LinuxQuestions.org

LinuxQuestions.org (/questions/)
-   Slackware - Installation (https://www.linuxquestions.org/questions/slackware-installation-40/)
-   -   Slackware-current: kernel panic with 5.4.1 on x86 (https://www.linuxquestions.org/questions/slackware-installation-40/slackware-current-kernel-panic-with-5-4-1-on-x86-4175665274/)

Chalapticus 12-02-2019 04:14 AM

Slackware-current: kernel panic with 5.4.1 on x86
 
1 Attachment(s)
Hi Forum,

I have two older x86 machines (Acer Aspire One & Asus EEEPC 1201HA) with Intel Atom CPUs. On both of them the new 5.4.1_smp kernel will panic/oops during early boot.

The 4.19.* kernels ran just fine along all kernel upgrades.

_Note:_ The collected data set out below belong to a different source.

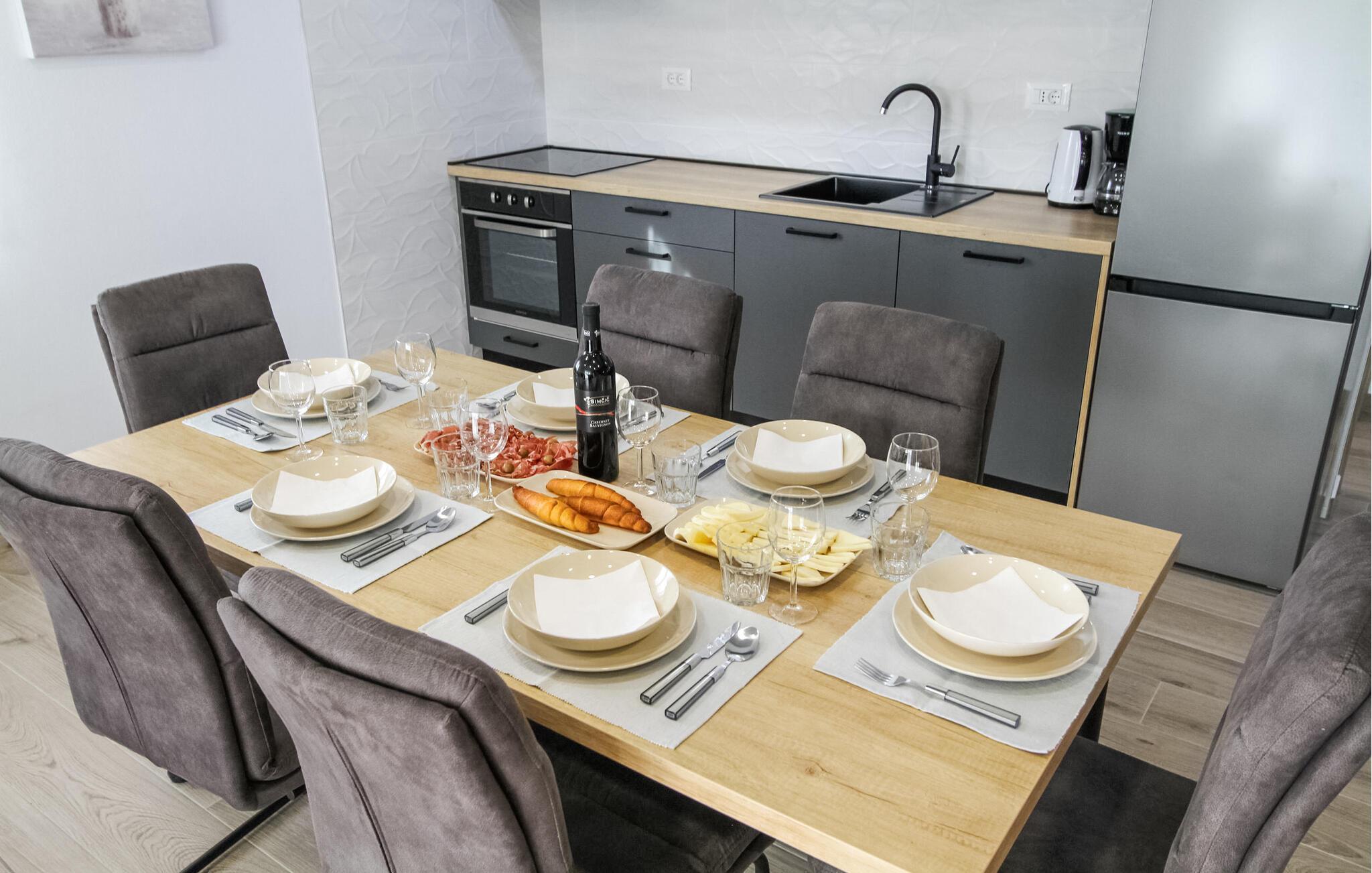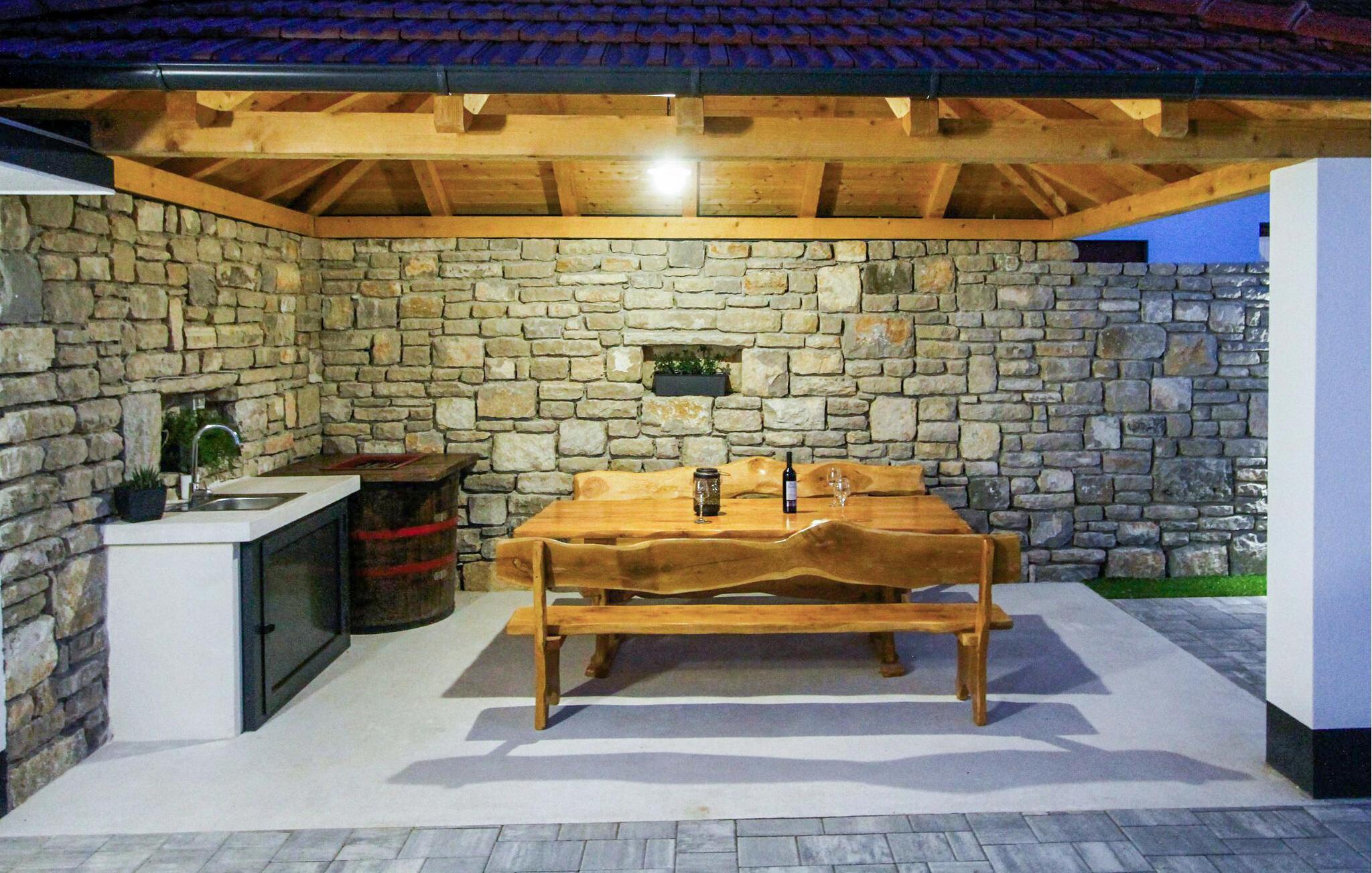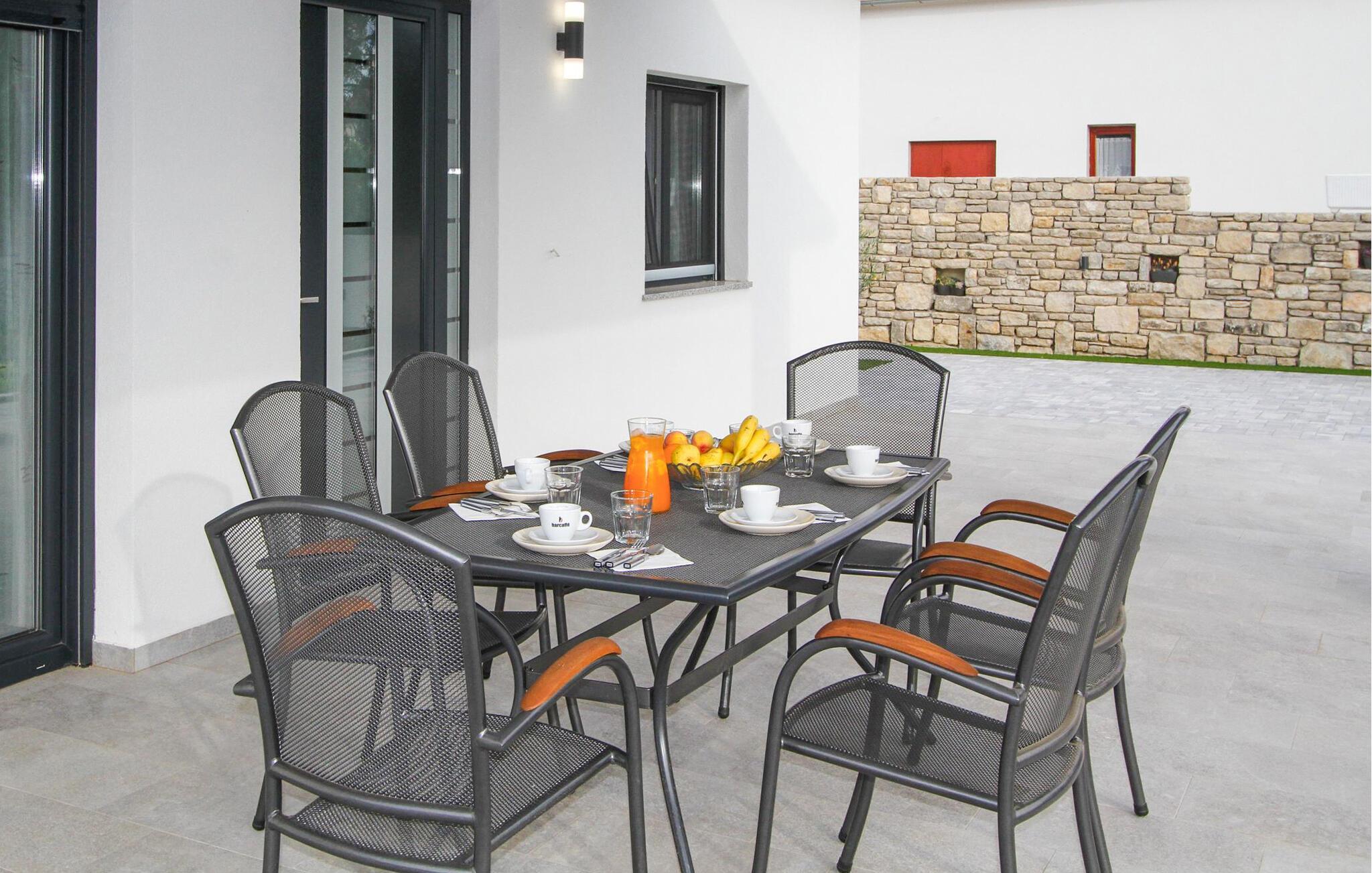 Neben der Villa gibt es einen separaten Bereich mit Grill sowie eine überdachte Terrasse mit Sitzecke. Genießen Sie kulinarische Fähigkeiten und reichhaltige Gerichte und kosten Sie den Charme des sommerlichen mediterranen Alltags.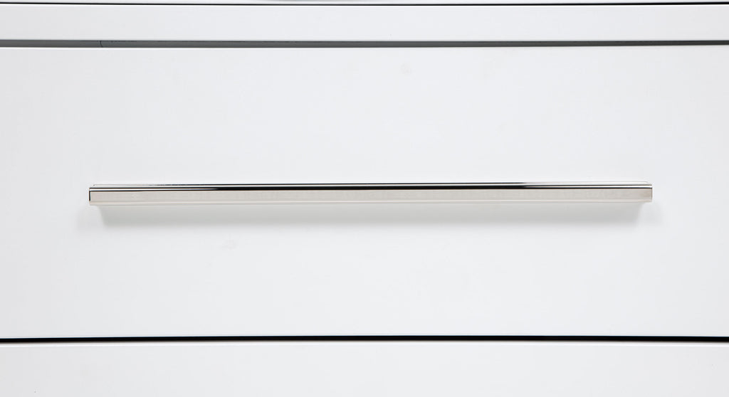 This eight-drawer dresser exudes modern sophistication through a sleek silhouette and softened edges. Elongated brushed nickel pulls and vertical tube accents create visual interest while enhancing the dresser’s clean structure. Built from solid rubberwood, engineered wood, and finished with a smooth laminate veneer, it offers ample storage and felt-lined top drawers. Designed for refined function in any contemporary bedroom. Key Features: • Eight-drawer dresser with softened corners and a clean-lined, modern silhouette • White finish contrasts with brushed nickel pulls and vertical metal tube accents • Felt-lined top drawers with tinted interiors provide secure, organized storage • Drawers feature dovetail joints and glide smoothly on heavy-duty metal glides • Made from solid rubberwood, engineered wood, and smooth laminate veneer • Fully assembled dresser includes integrated tip-over restraint for added safety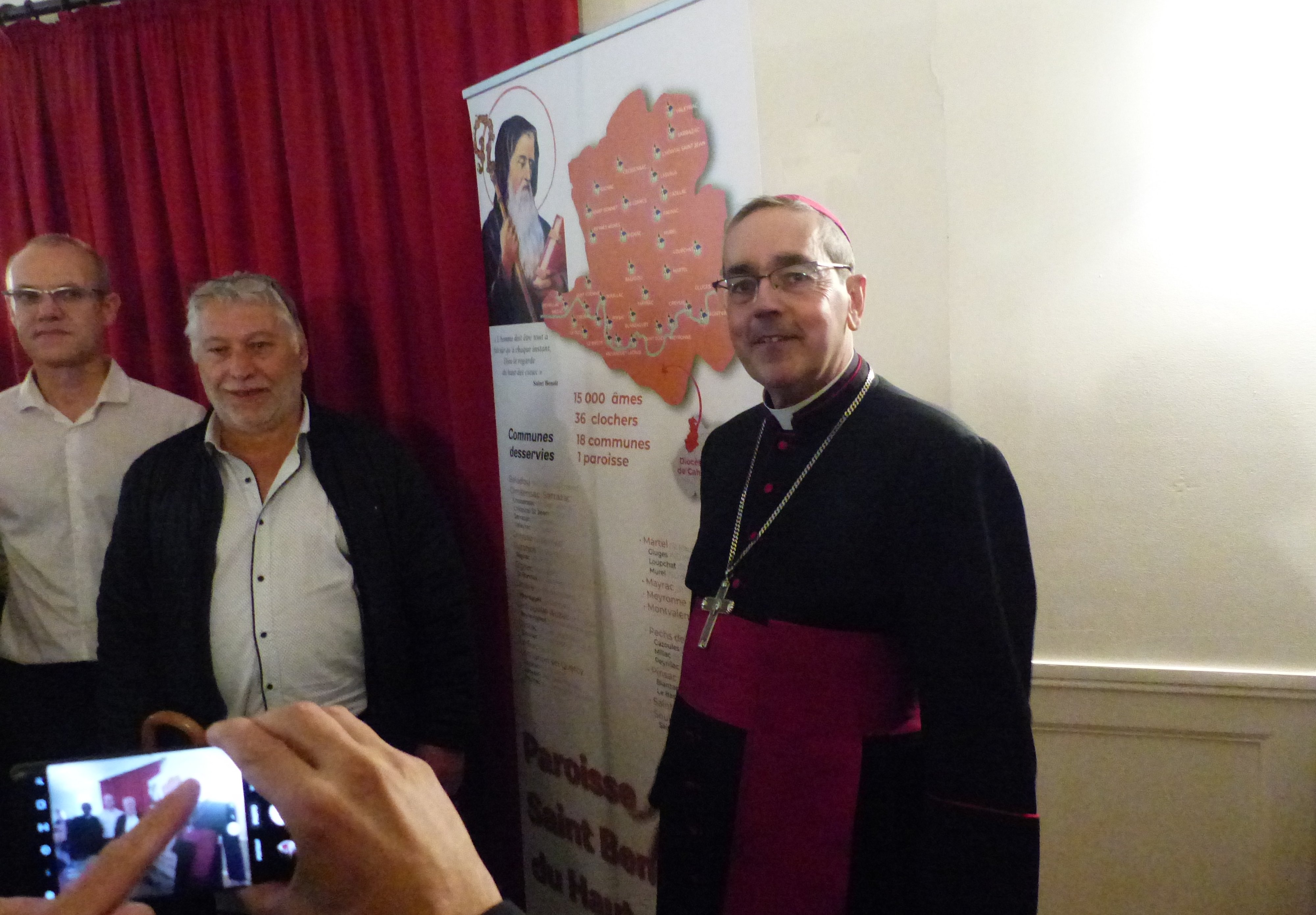 En ce jour où est érigée canoniquement la paroisse Saint-Benoît du Haut-Quercy, je suis heureux de saluer chacun de vous qui êtes présents et aussi spécialement les élus, Messieurs les maires, Madame la conseillère départementale et les autres élus. Vous nous honorez de votre présence et nous sommes heureux de partager ce moment important ensemble. Le regroupement de ces paroisses existe depuis un certain temps et l’on peut dire que l’histoire de ce territoire religieux a été préparée depuis pas mal d’années, le groupement de Cressensac notamment a été un temps rattaché à celui de Souillac, puis à celui de Martel. Aujourd’hui, on pourrait dire qu’il fait la jonction. En tout cas, le travail en commun qui se réalise est un signe important pour notre temps, un signe d’unité dynamique sans oublier personne.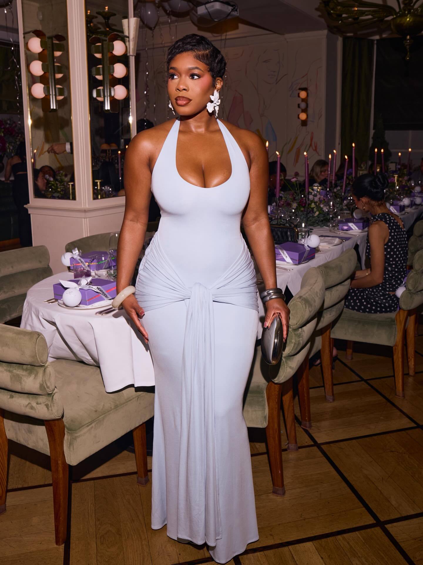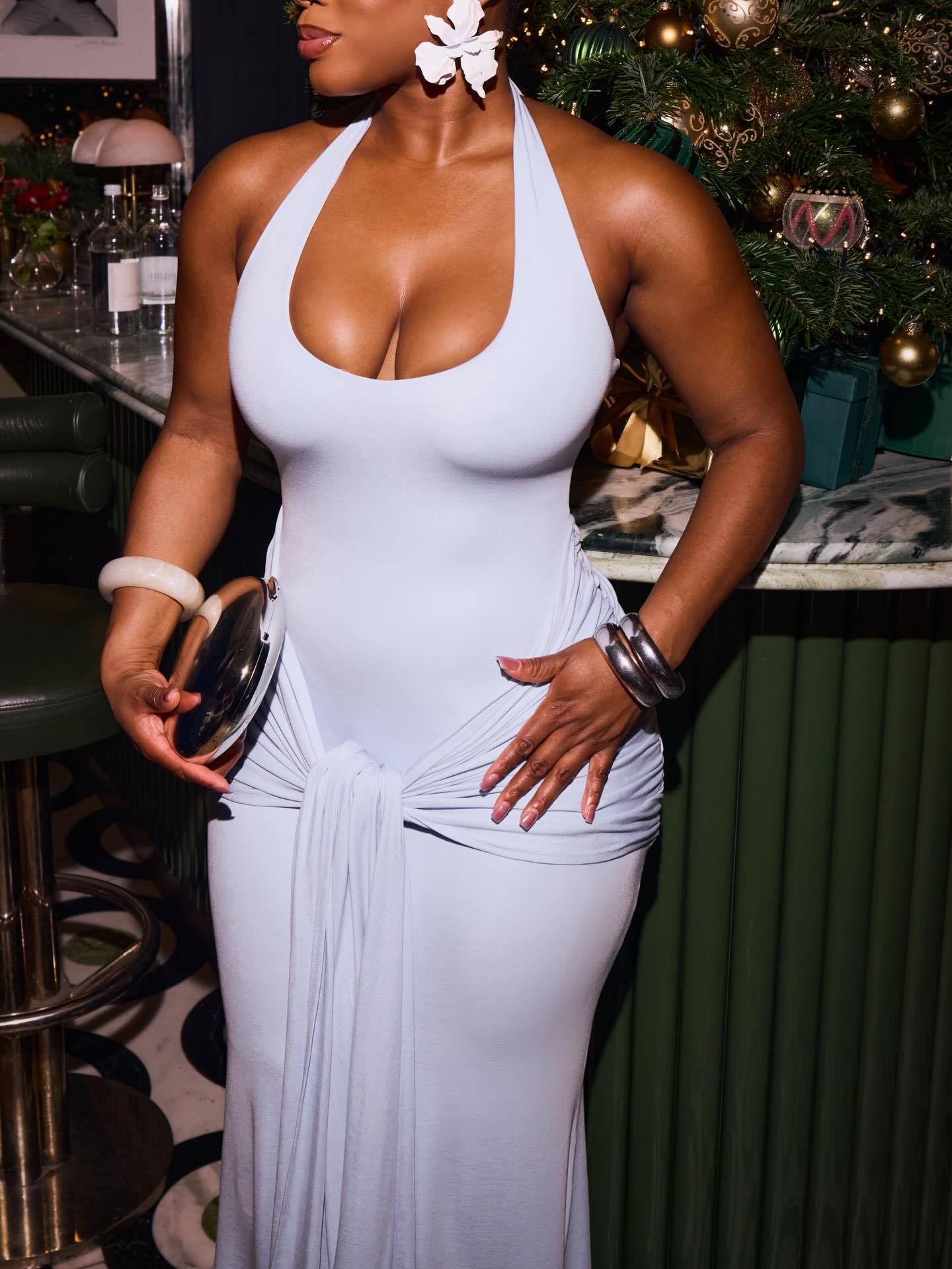 The open back detail is the showstopper of this dress, creating a beautiful silhouette that highlights your figure while offering a hint of allure. The pleated fabric flows gracefully, allowing for easy movement and a flattering fit that hugs your curves in all the right places. Crafted from high-quality materials, this gown not only looks great but is comfortable enough for all-day wear. Whether you’re socializing at a glamorous event or enjoying an intimate dinner, the Open Back Pleated Dress is your perfect companion.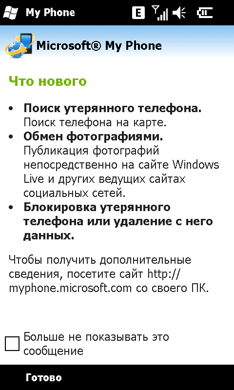Расширился набор приложений, связанных с различными сервисами Microsoft, прежде всего службой MSN. Файлы, контакты, заметки, задачи теперь при желании можно синхронизировать с удаленным сервером Microsoft при помощи программы Microsoft My Phone (за приемлемый объем виртуального дискового пространства взимается абонентская плата). В программе Marketplace пользователь может приобрести и установить различные дополнительные приложения для коммуникатора. До недавнего времени этот сервис на территории России не работал, но сейчас, похоже, все в порядке.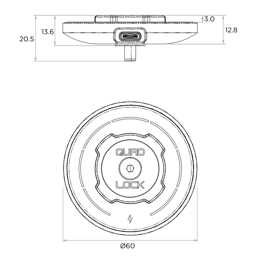 - מוצר זה הינו ההתקן לטעינה אלחוטית - יש לרכוש מעמד וכיסוי לטלפון של QUAD LOCK על מנת להשתמש במוצר

Also, I have *no* such problem with the 5.4.1_smp kernel on x86_64.

In order to investigate I ran the new (from 2019-November-30) x86 `usbboot.img' with `qemu-system-i386'. When I did *not* specify the CPU (using default) the image booted. However, when setting the cpu to n270 (similar/same to what I have) I got `oops 9', just like on my real HW.

Running the following command

Code:

qemu-system-i386 -enable-kvm -cpu n270 -m 1G -hda usbboot.img -serial stdio | tee failed-x86-boot.log
and setting `console=ttyS0' to the kernel I captured the output of the boot.

Please find the log attached.

For me the line `BUG: unable to handle page fault for address: f7d97005' seems
peculiar, but I have no clue about kernel development.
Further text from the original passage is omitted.